Detailed Java Virtual Machine (x) ------ class loading process

  In the previous article, we detailed description of the Java class file structure , then the Class how a file is loaded into memory by the virtual machine to direct it? That's this blog will be introduced - class loading process.

1, class life cycle

  From the class is loaded into memory to start a virtual machine, up to unload a memory, its life cycle process is as follows:

  

  Shown in red above five parts (loading, verification, preparation, initialization, uninstall) order is determined, that is to say, the class loading process to be started step by step in this order.
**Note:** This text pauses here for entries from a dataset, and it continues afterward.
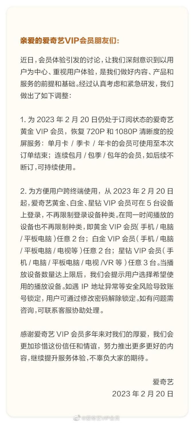 1.为2023年2月20日仍处于订阅状态的爱奇艺黄金 VIP会员,恢复720P和1080P清晰度的投屏服务:单月卡/季卡/年卡的会员可使用至本次订单结束;连续包月/包季/包年的会员,如后续不断订,可持续使用。
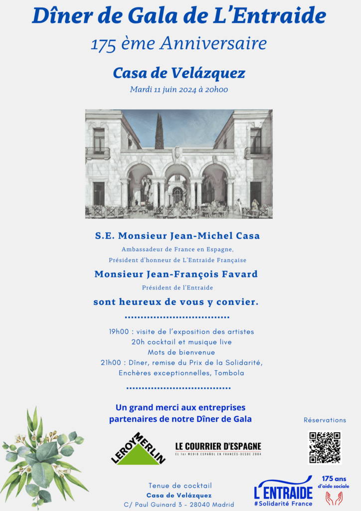 L’Entraide française à Madrid célèbre le 11 juin prochain son traditionnel Dîner de Gala sur la splendide terrasse de la Casa de Velázquez. Cette année, la célébration aura un caractère historique : l’association commémore les 175 ans écoulés depuis sa fondation par Ferdinand de Lesseps. La Société Française de Bienfaisance -son nom initial- a donné naissance à des institutions madrilènes aussi importantes que le Lycée Français, l’Institut Français, ou le foyer pour personnes âgées Saint Louis des Français. C’est sans aucun doute l’une des associations françaises les plus anciennes de la péninsule ibérique. Elle s’est maintenue active et a su s’actualiser au fil des années. L’Entraide continue de soulager la vie de beaucoup de personnes et familles françaises ou binationales et qui, pour une raison ou une autre, connaissent la grande précarité. Elle aide des personnes âgées, d’autres qui ne peuvent plus exercer une profession et beaucoup de familles monoparentales.
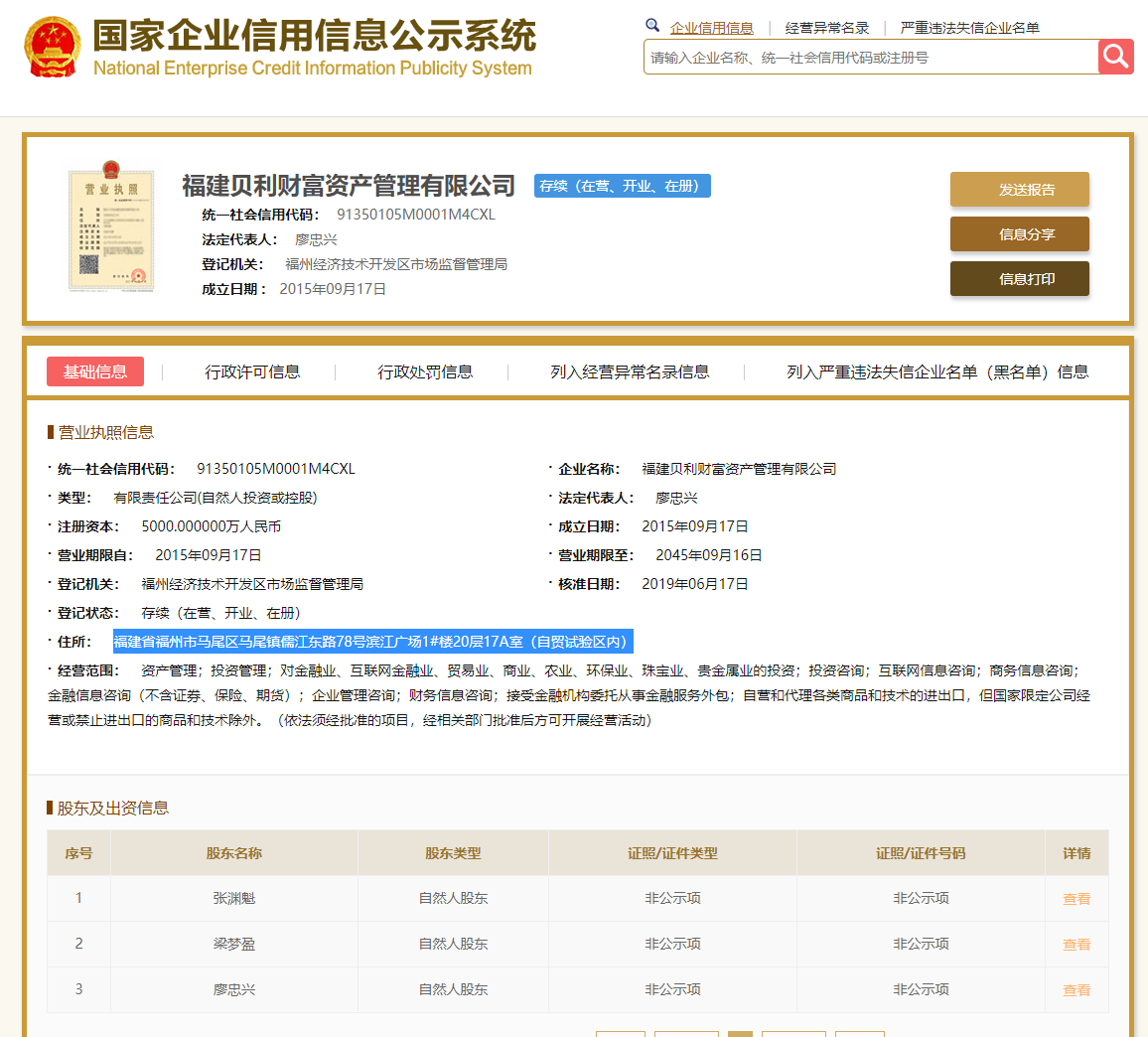 | 公司名称 | 福建贝利财富资产管理有限公司 | 信用代码 | 91350105M0001M4CXL |

Here the "Start" is not a step by step "in" or "complete" because these stages are usually carried out mixing cross each other, typically call another stage in the course of a stage.

2, load

  "Loading" phase is the "class loader" The first phase of the life cycle. In the loading phase, the virtual confidential complete the following three things:

  ①, to obtain such a binary byte stream defined by the fully qualified name of a class.

  ②, the byte stream that represents the static storage structure into a run-time data structure area method.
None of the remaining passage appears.